Hide Forgot
Created attachment 1535793 [details] Elasticsearch-prometheus-rule Description of problem: Deploy logging, check elasticsearch prometheusrules in logging namespace and prometheus server, elasticsearch prometheusrules can be found in logging namespace, $ oc get prometheusrule -n openshift-logging NAME AGE elasticsearch-prometheus-rules 4m15s log into openshift web console, go to "Monitoring", click "Metrics", then try to find the elasticsearch prometheusrules in prometheus-k8s web console, go to "Status"-->"Rules", no elasticsearch prometheusrules in the page.

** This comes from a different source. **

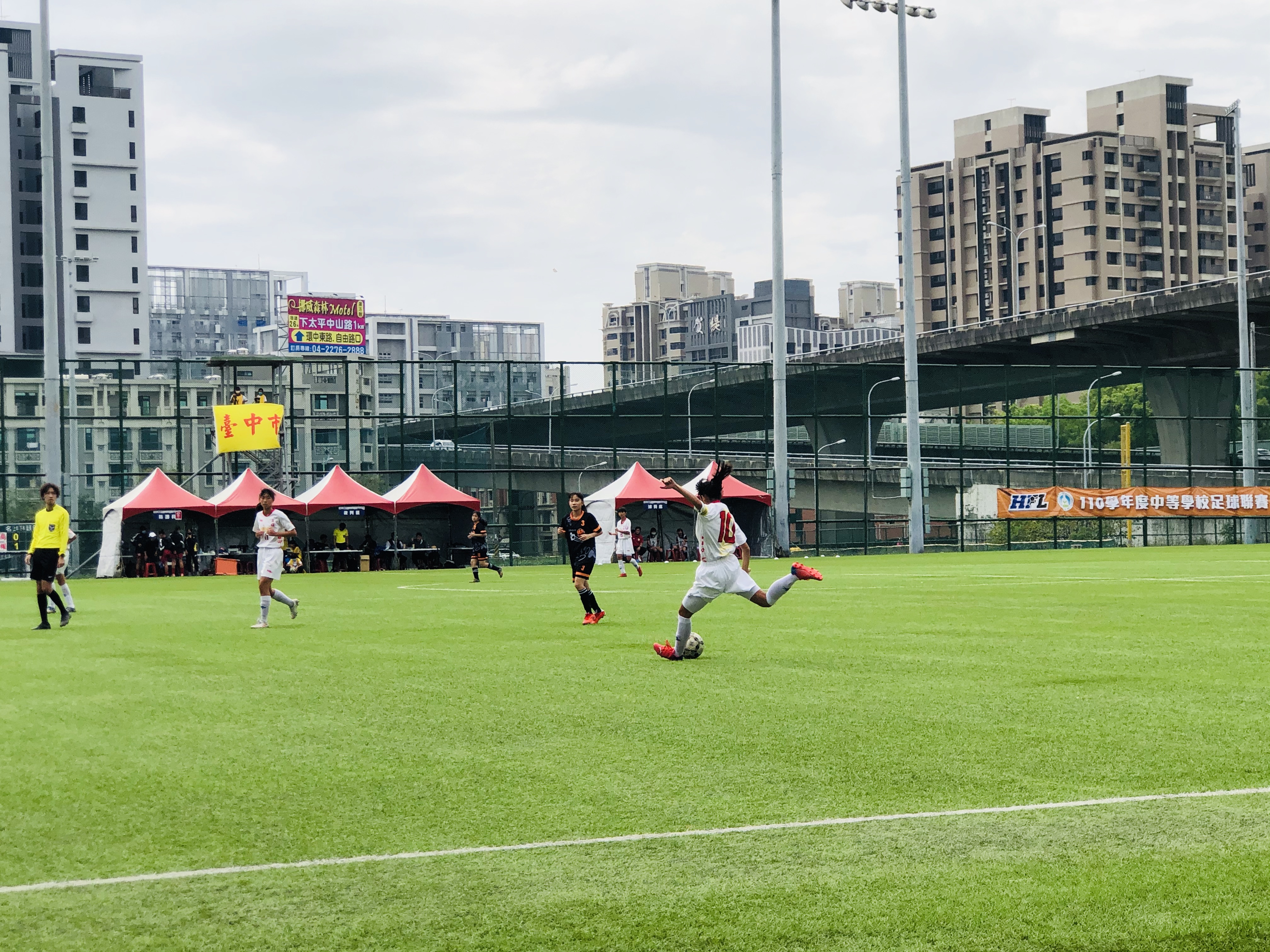 「110學年度中等學校足球聯賽11人制」火熱開踢!高、國女複賽第二階段昨(12)日起一連5天在太原足球場登場,台中市惠文高中女足、五權國中女足全力爭取勝利、直指后冠。今日五權國中對上花蓮縣花崗國中,台中市政府運動局也派員到場為選手加油打氣,感謝高中體總與市府運動局合作,搭起青少年足球競技平台,展現熱血足球女力。

Version-Release number of selected component (if applicable): 4.0.0-0.nightly-2019-02-17-024922 How reproducible: Always Steps to Reproduce: 1.Deploy logging 2.check prometheusrules in logging namespace 3.check prometheusrules in prometheus server Actual results: The configuration of elasticsearch prometheusrule isn't in prometheus server Expected results: Elasticsearch prometheusrule can be found in prometheus server. Additional info:
Tested in 4.0.0-0.nightly-2019-02-28-054829, elasticsearch-prometheus-rules can be found in prometheus server. Move bug to VERIFIED.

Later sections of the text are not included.